A diverse group gathered at the Visalia Friends Meeting Hall for a training on what to do if you are in a situation where someone is being harassed because of the color of their skin, their sexual orientation or religious beliefs. Hina Fatima, with the Council on American-Islamic Relations (CAIR), led the discussion.
There are several steps to take when confronted with a situation like this. Fatima said that “safety, support and solidarity” are the fundamental guidelines to follow.
“De-escalation is the safest way of responding,” she said. “Be aware of how your intervention will affect the safety of the person involved in the situation.”
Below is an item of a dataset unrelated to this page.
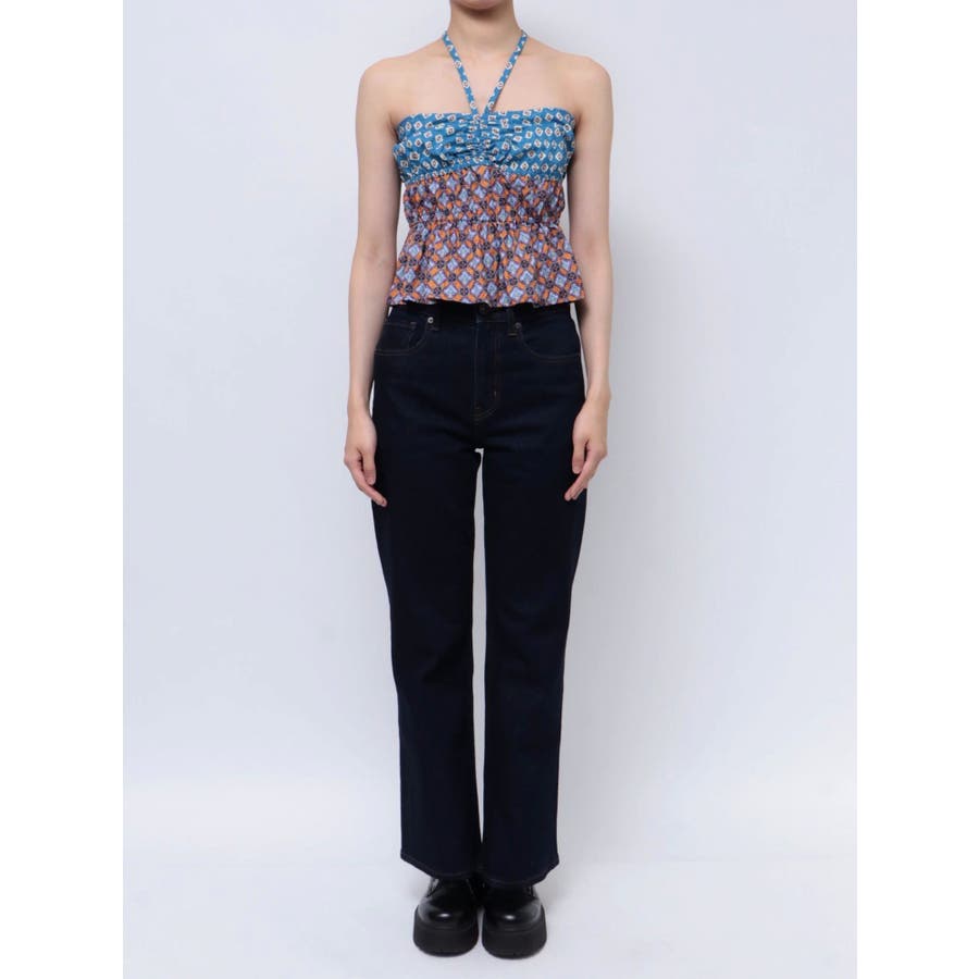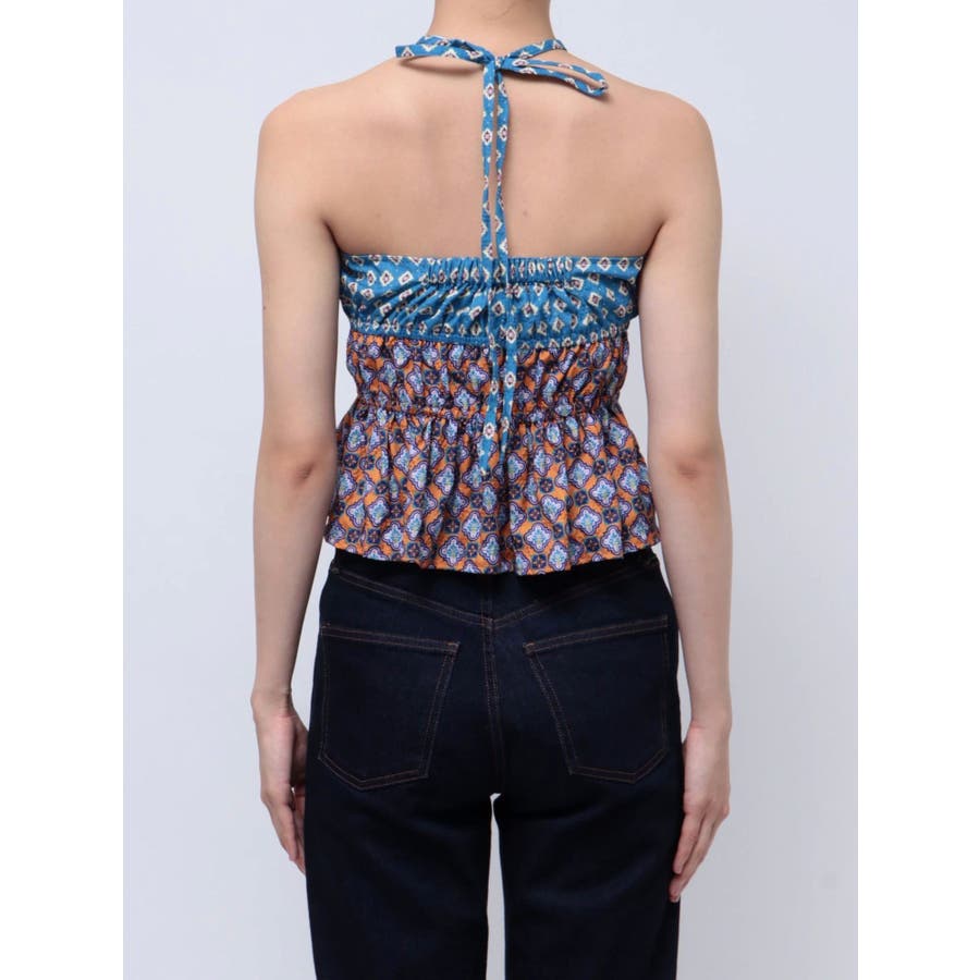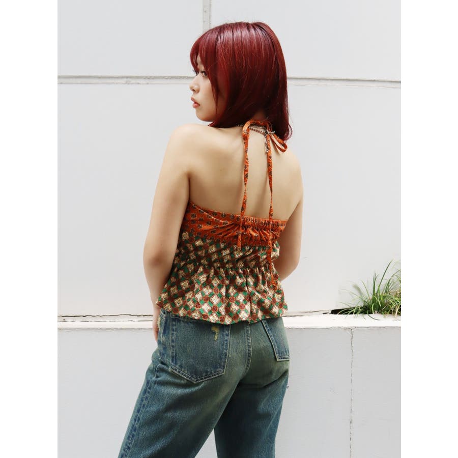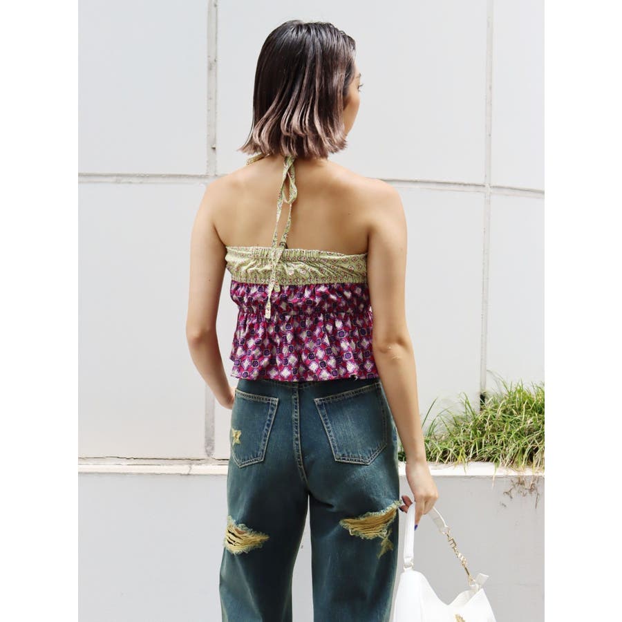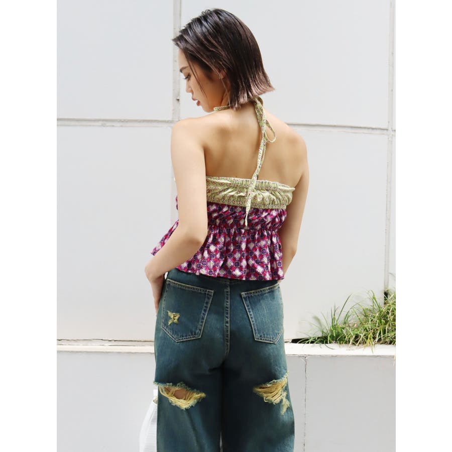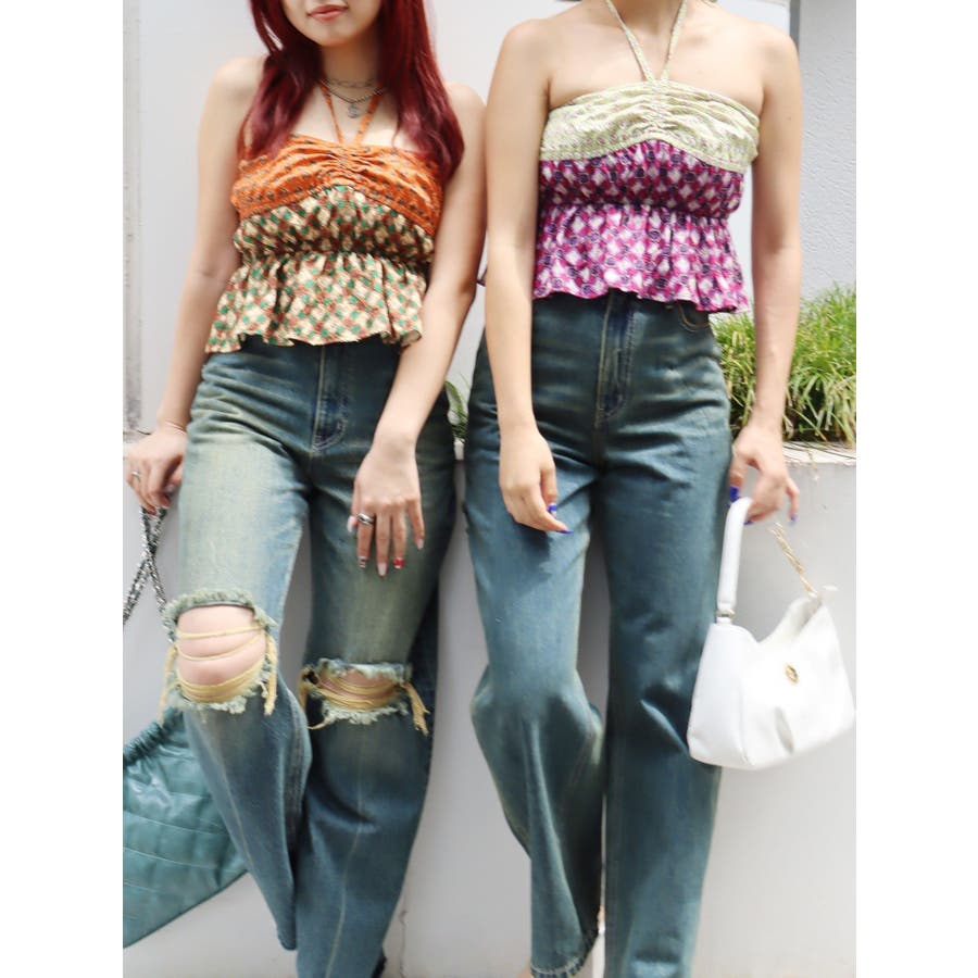 ■デザインEVRIS(エヴリス)オリジナル柄をプリントしたベアトップです。ホルターネックの紐をバスト部分でリボン結びで止める着用の仕方もオススメです。バスト部分はゴム仕様になっており着脱も楽ちん。インナーにコンパクトなTシャツをレイヤードするスタイリングなど、様々なスタイリングを楽しめるアイテムです。■スタイリング夏らしいデニム合わせがおすすめです。首元に視線を集めるホルターネックは、ミニボトムと合わせたときのバランス感も◎-------------- 透け感:なし 裏地:なし 生地の厚み:薄手伸縮性:なし --------------夏服 夏トップス キャミソール ベアトップ ホルターネック クロップド丈 ショート丈

Evaluate the situation, make sure you have an exit plan and avoid becoming an additional target of the hate crime. Do not engage with the abuser, but rather ask the targeted person if they want your help. “Ask how you can best help them and ask before you touch them,” Fatima said.
The next step is to interact with the targeted person and take the attention away from the abuser. Fatima said when she was first introduced to this training her instinct was to jump in and confront the abuser, but she now understands why de-escalation is a better option. According to Fatima, you are not there as a savior but in solidarity with the targeted person.
This event was organized by the Central Valley Partnership, the San Joaquin Valley Media Alliance and the Community Alliance newspaper in coordination with several community groups.
The next in a series of Stop the Hate events will be at the Fresno Center (4879 E. Kings Canyon Rd.) on Jan. 24, 2024. There will be more details about this event in the January issue of the Community Alliance newspaper.
This event was made possible by a grant from the California State Library under the statewide Stop the Hate initiative.